Dragen Align PA Pipeline

Purpose

This pipeline aligns or realigns genomic sequencing data (from FASTQ or CRAM files) using the DRAGEN pipeline on the Illumina Connected Analytics (ICA) platform.

It manages data upload to ICA, submission and monitoring of the DRAGEN pipeline, and download of results (CRAMs, gVCFs, QC metrics) back to Google Cloud Storage (GCS). It also performs subsequent QC steps, including Somalier fingerprinting and MultiQC report generation.

Pipeline Overview v3.2.0

Dragen Alignment Workflow DAG

The workflow performs the following main steps:

  1. Prepare ICA: Creates analysis folders within the ICA project.
  2. Input Data Handling (Conditional):
    • If reads_type = "fastq":
      1. Submits a separate pipeline in ICA to calculate MD5 checksums for all FASTQ files.
      2. Downloads the results and validates them against the manifest file.
      3. Generates a fastq_list.csv file for DRAGEN and uploads it to ICA.
    • If reads_type = "cram":
      1. Uploads the CRAM file from GCS to ICA.
  3. Run DRAGEN: Submits the main DRAGEN alignment pipeline to ICA and monitors its progress until completion, failure, or cancellation.
  4. Run MLR: Submits and monitors the DRAGEN MLR (Machine Learning Recalibration) pipeline.
  5. Download Results: Downloads the key outputs (CRAMs, gVCFs, and QC metrics) from ICA back to GCS.
  6. Post-Processing QC:
    • Runs somalier extract on the newly generated CRAM file to create a genomic fingerprint.
    • Aggregates all QC metrics (from DRAGEN and Somalier) into a single MultiQC report.
  7. Cleanup (Optional, after checking all outputs are correct): Deletes the data from the ICA platform to reduce storage costs.

Prerequisites

  1. Metamist Cohort: You must have a cohort created in Metamist containing the sequencing groups you wish to process.
  2. Configuration File: You must create a TOML configuration file.
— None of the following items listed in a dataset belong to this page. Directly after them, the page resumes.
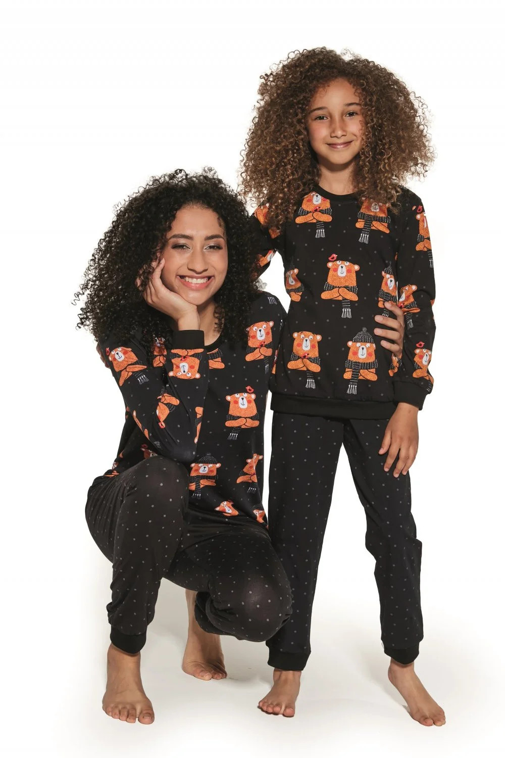 Dívčí pyžamo 996/148 Bear Cornette - vyrobené z vysoce kvalitní a měkké bavlny - černé tričko s dlouhými rukávy - s úžasným potiskem - dlouhé puntíkované kalhoty
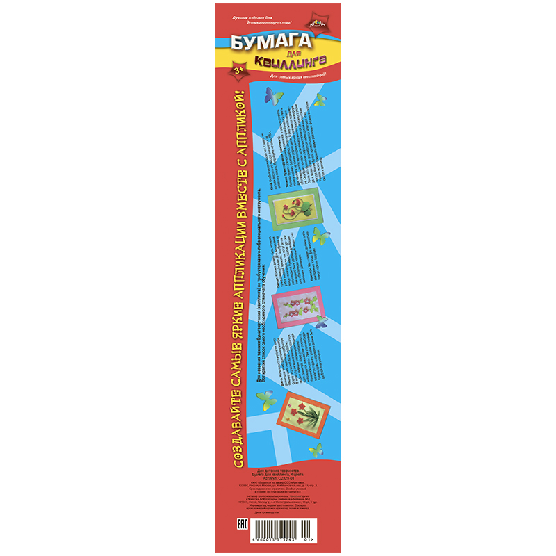 Бумага для квиллинга Апплика, 4 цвета, 3мм, 200 полос, пакет, европодвес
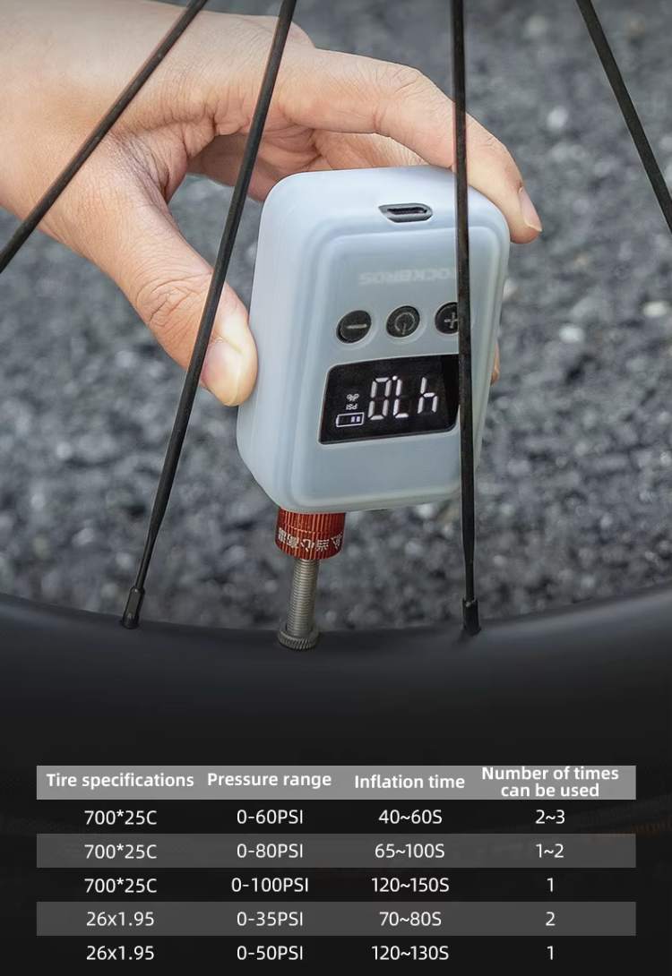 Alta Potência em um Tamanho Compacto: Motor potente com alto desempenho para encher pneus rapidamente. Ideal para ciclismo, com tabela de tempo de inflação e pressão para diferentes tipos de pneus:
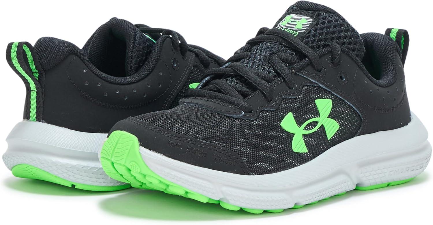 Under Armour Boys’ Grade School Assert 10 Athletic Shoes((006) Black/Mod Gray/Green Shock)
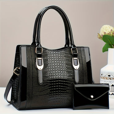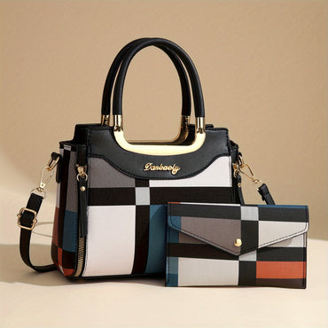 2pcs Elegant Plaid Tote And Crossbody Bag Set, Large Capacity, with Adjustable Strap, Zipper Closure, Polyester Lined, for Women - Chic Gift for Mom And Family, Versatile Shoulder Bag|Chic Tote Bag Set| Bag, Cute Bag Sets
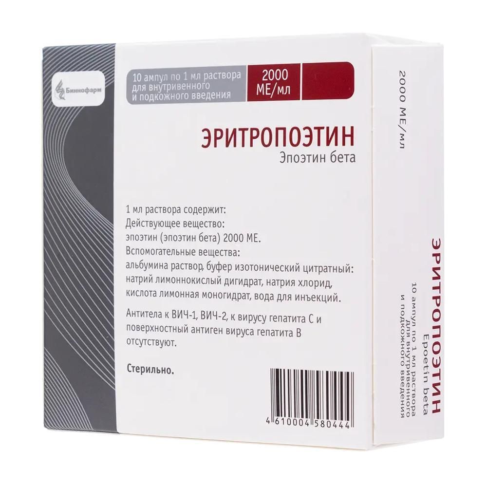 Эритропоэтин 2000ме/мл 1мл р-р д/ин.в/в.,п/к. №10 амп. по цене от 8110.70 руб в Екатеринбурге, купить Эритропоэтин 2000ме/мл 1мл р-р д/ин.в/в.,п/к. №10 амп. (Биннофарм зао) в аптеке Фармленд, инструкция по применению, отзывы
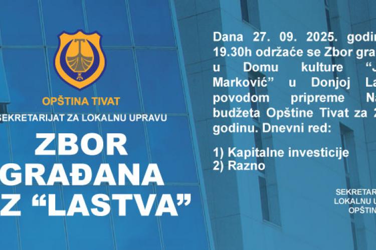 Sekretarijat za lokalnu upravu Općine Tivat obavještava javnost da će se zbor građana Mjesne zajednice Lastva održati u subotu, 27. rujna, s početkom u 19:30 sati, u Domu kulture “Josip Marković” u Donjoj Lastvi.
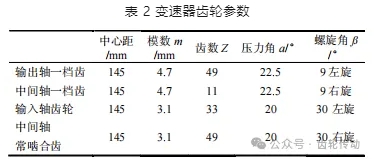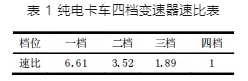 變速器共有 4 個檔位,其中四檔為直接檔,倒檔為一檔時驅動電機反轉來實現。齒輪為漸開線斜齒輪,最大輸入扭矩為 1 000 N·m,最大輸入轉速為 3 100 rpm,各檔速比見表 1。
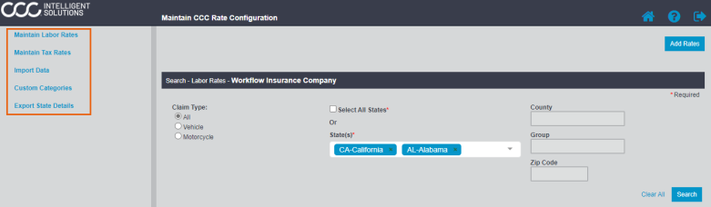 This section describes how to access the configurations settings for labor rate information. This information is used in CCC® Estimating for Insurance by appraisers. Labor rate information can be defined for vehicles and motorcycles with further refinement by state, county, and zip code.
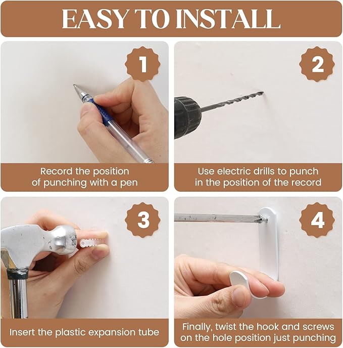 • 【Easy To Install】 - Equipped with 6 strong hooks, including 3 Pcs traceless transparent hooks(bear up to 22 LB), and 3 Pcs White space aluminum hooks, which are needed to drill holes for installation. But it is easy to assemble(The Steps show as the picture). Warm Tips: If you don't want to drill or your product weight is less than 22 LB, you can transparent hooks directly. Save your time!
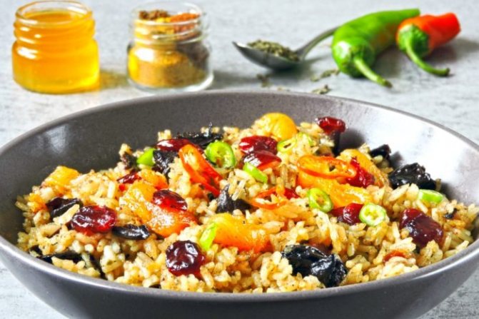 Для приготовления вегетарианского плова по данному рецепту потребуются рис, грибы и специи в следующих пропорциях:
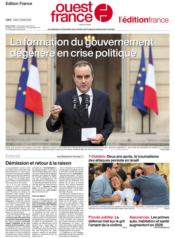 • Sébastien Lecornu, de la démission à la mission de la dernière chance p. 14-15 & Édito p. 2
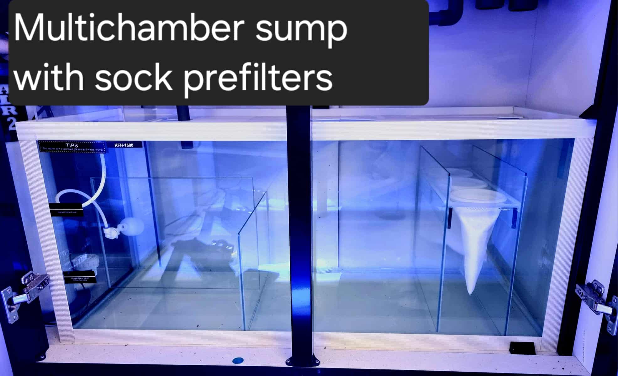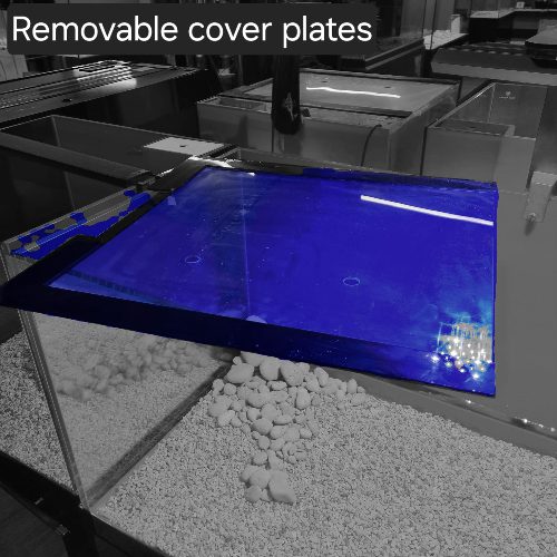 The multi chamber sump is suitable for a number of purposes and comes complete with cover plates to reduce evaporation so fewer top-ups are required. It is easily accessible with extra head room in the cabinet and also provides additional space outside of the sump for all of your dry equipment. There is enough room for additional equipment like skimmers and phosphate reactors.
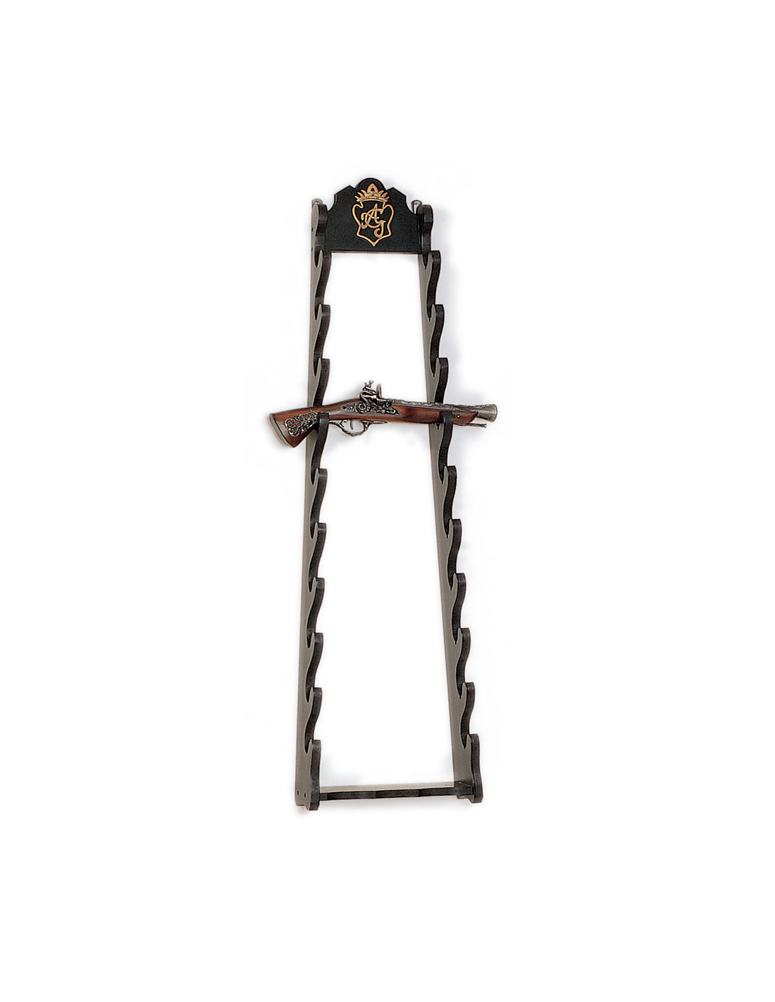 Mit einer Kapazität für bis zu 10 Pistolen oder Katanas ist dieses Display so konzipiert, dass es Ihnen maximale Flexibilität und Komfort bietet. Jede Halterung wurde sorgfältig entworfen, um Ihre Waffen zu schützen und Ihnen die Möglichkeit zu geben, ihre Schönheit aus jedem Blickwinkel zu genießen.

A reference can be found at config/dragen_align_pa_defaults.toml.

Configuration

Your TOML configuration file must specify the following key options:

  • [workflow]:

    • input_cohorts: A list of Metamist cohort IDs to process (e.g., ['COH0001']).
    • sequencing_type: Must be set (e.g., "genome").
    • reads_type: Critical. Must be set to either "fastq" or "cram".
    • last_stages: A list of the final stages to run. To run the full pipeline including QC, use ['RunMultiQc']. To also delete data from ICA after, use ['DeleteDataInIca'].
    • skip_stages: (Optional) A list of stages to skip, e.g., ['DeleteDataInIca'].
  • If reads_type = "cram":

    • [ica.cram_references]:
      • old_cram_reference: Must be set to match one of the keys in this section (e.g., "dragmap"). This tells the pipeline which reference genome file (already in ICA) was used to generate the original CRAM file.
  • [ica.data_prep]:

    • upload_folder: The folder name to create in ICA for uploading data (e.g., "my-cram-uploads").
    • output_folder: The base folder name to create in ICA for pipeline outputs (e.g., "my-dragen-results").

FASTQ Manifest File Structure

If you set reads_type = "fastq", the pipeline queries Metamist for an analysis of type manifest that has been registerd against the cohort during ingestion of the fastq data. It will check for production_manifest in the file name, in case the control manifest is also registered. The manifest file provides metadata about the FASTQ files. This information is used for both MD5 validation and to construct the DRAGEN-specific RGID (Read Group Identifier).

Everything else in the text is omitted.